A laggy FiveM server drives players away faster than anything else. Whether you are experiencing server-side hitches, client FPS drops, or long loading times, here is how to diagnose and fix performance issues systematically.
Understanding FiveM Performance
FiveM performance has two sides:
Server-side: How fast the server processes game logic, scripts, and player synchronization. Measured in server FPS (ideally near the tick rate) and script execution time.
Client-side: How smooth the game runs on each player's PC. Affected by streamed assets, local scripts, and total resource count.
Both sides need optimization for a smooth experience.
Diagnosing Performance Issues
Before optimizing, identify the bottleneck:
- Check server FPS using the server console or monitoring tools
- Monitor individual resource performance with
resmon(resource monitor) - Enable the resource monitor in-game to see which resources use the most time
- Check database query times if you use MySQL/MariaDB
- Monitor RAM and CPU usage on the host machine
The resource monitor (resmon 1 in the F8 console) shows milliseconds spent per resource per frame. Resources consistently above 1ms are worth investigating.
Script Optimization
Scripts are the number one cause of server-side performance issues:
Avoid tick-heavy scripts: Scripts that run code every frame (0ms tick) waste server time. Use longer intervals or event-based logic instead.
Reduce native calls: Each native function call has overhead. Cache results instead of calling the same native every frame.
Use server-side logic where possible: Client scripts run on every connected player's machine. Server scripts run once. Move logic server-side when it does not need per-player execution.
Remove unused resources: Every loaded resource consumes memory and may have background ticks. If you are not using it, remove it from your server.cfg.

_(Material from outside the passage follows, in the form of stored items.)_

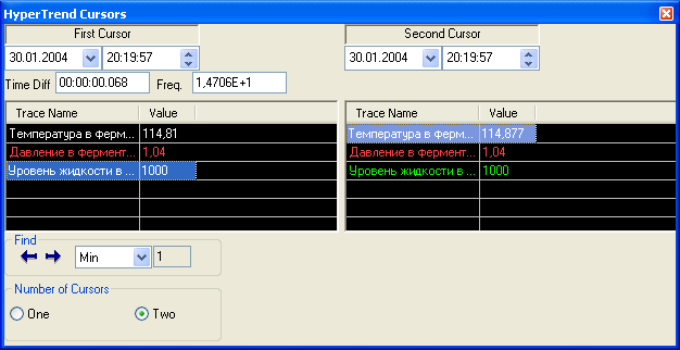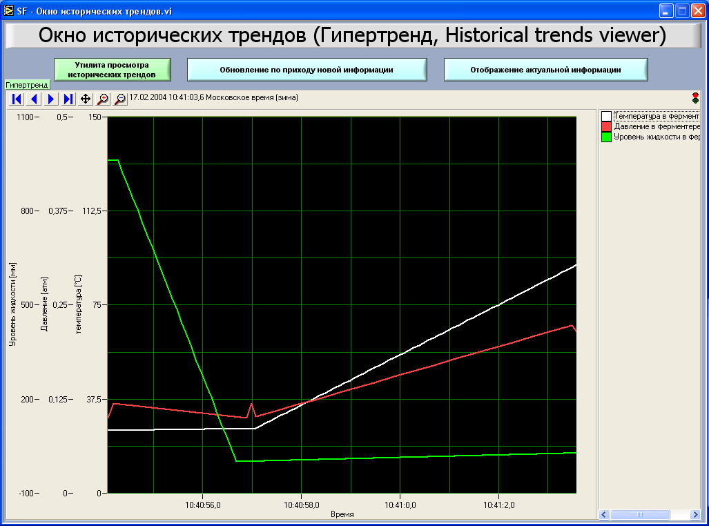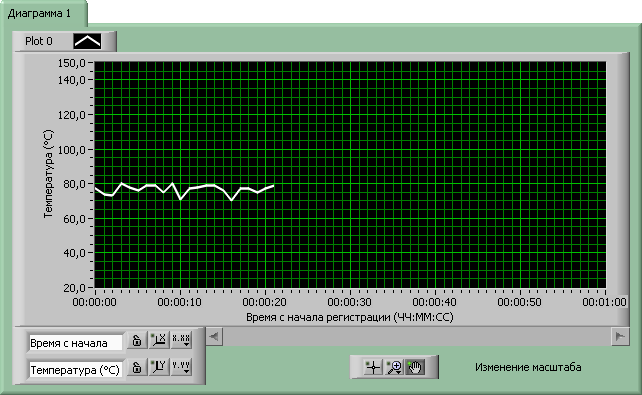 При нажатии происходит завершение работы программы. В центральной части окна находится диаграмма (тренд), отображающая показания прибора (температуру) во времени (рис 8.6). В текущей реализации программы опрос состояния прибора идет с интервалом 10 с. Вывод измерений в файл и отображение на диаграмме - с интервалом 10 с.
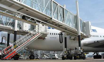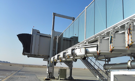 A380登機(jī)橋二層U1超高艙門而設(shè)計的登機(jī)橋,采用了行業(yè)內(nèi)首創(chuàng)的四輪驅(qū)動行走機(jī)構(gòu)及其控制系統(tǒng)。
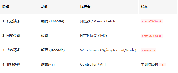关键结论: 后端框架(Spring Boot, Express, Django 等)在将请求交给你的业务代码(Controller)之前,通常已经自动完成了 URL 解码。 如果你在数据库里存入了这个值,存进去的是 5. 前端开发实战指南在 JS 中手动处理 URL 编码时,请务必区分这两个 API:
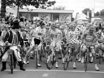 ![]() Alberto Contador (in Gelb), Andy Schleck (in Weiss), Anthony Charteau (im Bergleader-Trikot)und Allessandro Petacchi (in Grün)am Start zur letzten Etappe. /

Optimize database queries: Slow queries block the server thread. Index frequently queried columns, use prepared statements, and avoid SELECT * when you only need specific fields.
OneSync Configuration
OneSync is the networking mode that enables high player counts. Proper configuration matters:
- onesync on: Basic OneSync for up to 64 players
- onesync_population: Controls NPC density, reduce for better performance
- sv_maxClients: Set this to your actual expected peak, not an arbitrary high number
Higher player counts require more server resources. If you set max clients to 200 but your hardware struggles at 80, cap it lower for a better experience for everyone.
Streaming Optimization
Custom assets (vehicles, maps, peds) are streamed to players:
- Compress textures to reduce bandwidth
- Use appropriate LOD levels for custom models
- Limit total addon vehicles to what your community uses
- Group rarely-used assets into togglable resource packs
- Monitor total streaming bandwidth during peak hours
Large MLOs (custom interiors) and high-poly vehicle packs are common bandwidth killers.
Database Tuning
If your server uses MySQL or MariaDB:
- Enable query caching
- Set appropriate buffer pool sizes (at least 50-70% of available RAM for InnoDB)
- Index columns used in WHERE clauses and JOINs
- Use connection pooling in your scripts (oxmysql, mysql-async)
- Schedule cleanup queries during off-peak hours
- Monitor slow query logs to find problem queries
A well-tuned database can serve hundreds of queries per second without lag. A poorly configured one causes hitches every time a player opens inventory.
Hardware Requirements
For smooth performance at different player counts:
- 32 players: 4 CPU cores, 8 GB RAM, SSD
- 64 players: 6 CPU cores, 16 GB RAM, NVMe SSD
- 128+ players: 8+ CPU cores, 32 GB RAM, NVMe SSD, high bandwidth
FiveM is mostly single-threaded for game logic, so high single-core performance matters more than core count for the server process itself. The database and streaming benefit from additional cores.
Common Performance Killers
- Poorly written scripts with 0ms ticks and heavy native usage
- Unoptimized database queries without indexes
- Too many addon vehicles loaded simultaneously
- MLOs with excessive polygon counts
- Memory leaks in scripts that accumulate over uptime
- No regular server restarts (daily restarts help clear accumulated issues)
Server Restart Schedule
Schedule automatic restarts every 12-24 hours:
- Clears memory leaks
- Resets any accumulated lag
- Gives you a window for updates
- Players expect and accept brief restart downtime
Announce restarts in advance and schedule them during lowest player count hours.
FAQ
Why is my FiveM server lagging? Use resmon to identify which resource is consuming the most time. The top offender is usually a script with heavy per-frame execution.
Does more RAM help FiveM server performance? Beyond the minimum needed (8-16 GB), additional RAM helps database caching and streaming but does not directly fix script lag.
How many resources can a FiveM server run? There is no hard limit, but each resource adds overhead. Well-optimized servers run 100-200 resources. Poorly optimized ones struggle at 50.